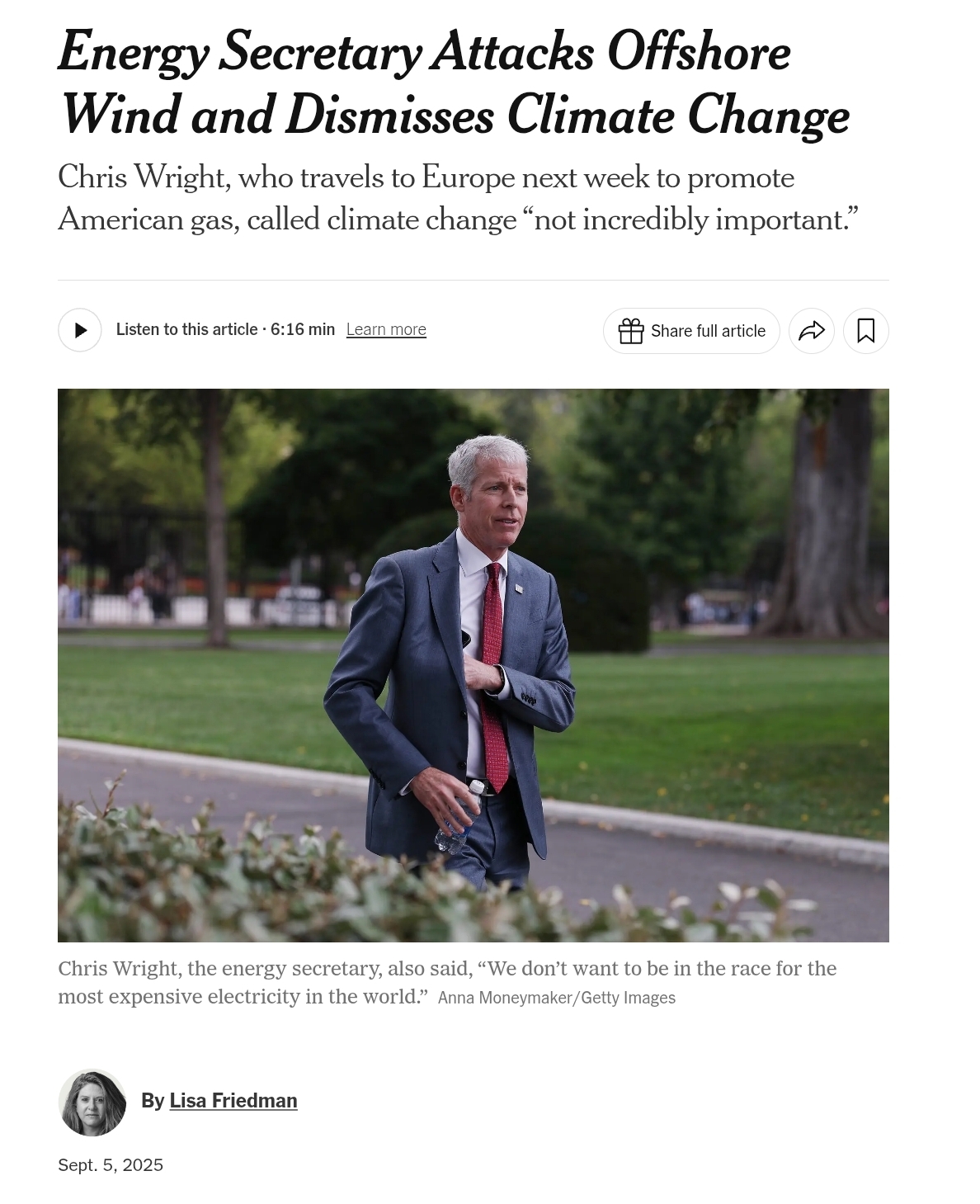 This is what we voted for! NYT: Energy Sec. Wright Attacks Offshore Wind & Dismisses Climate Change as ‘not incredibly important’ – Calls UN Paris Pact ‘silly’
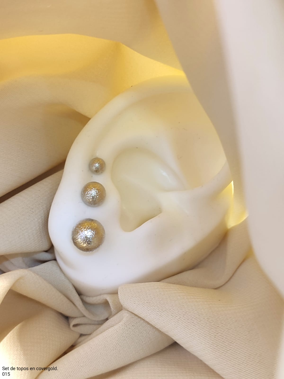 Elegante set de topos en acabado Covergold. Diseños versátiles y delicados, perfectos para usar todos los días o combinar en múltiples perforaciones. Ideal para agregar un toque de brillo sutil a tu estilo.
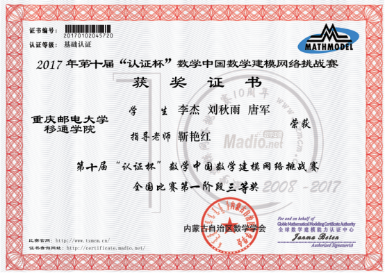 我校参赛人员在社联的指导和数学建模协会的组织下参加了数学建模网络挑战赛,协会选出六支队伍参加第一阶段,其中一支队伍获得二等奖,一支队伍荣获三等奖,四支队伍获得优秀奖。

■ TASK DESCRIPTION: Extract the lines exactly, please: the first line of the listing, the line with "Elegante set de", and every line between them, but no pictures.

■ EXERCISE SOLUTION:
 This is what we voted for! NYT: Energy Sec. Wright Attacks Offshore Wind & Dismisses Climate Change as ‘not incredibly important’ – Calls UN Paris Pact ‘silly’
 Elegante set de topos en acabado Covergold. Diseños versátiles y delicados, perfectos para usar todos los días o combinar en múltiples perforaciones. Ideal para agregar un toque de brillo sutil a tu estilo.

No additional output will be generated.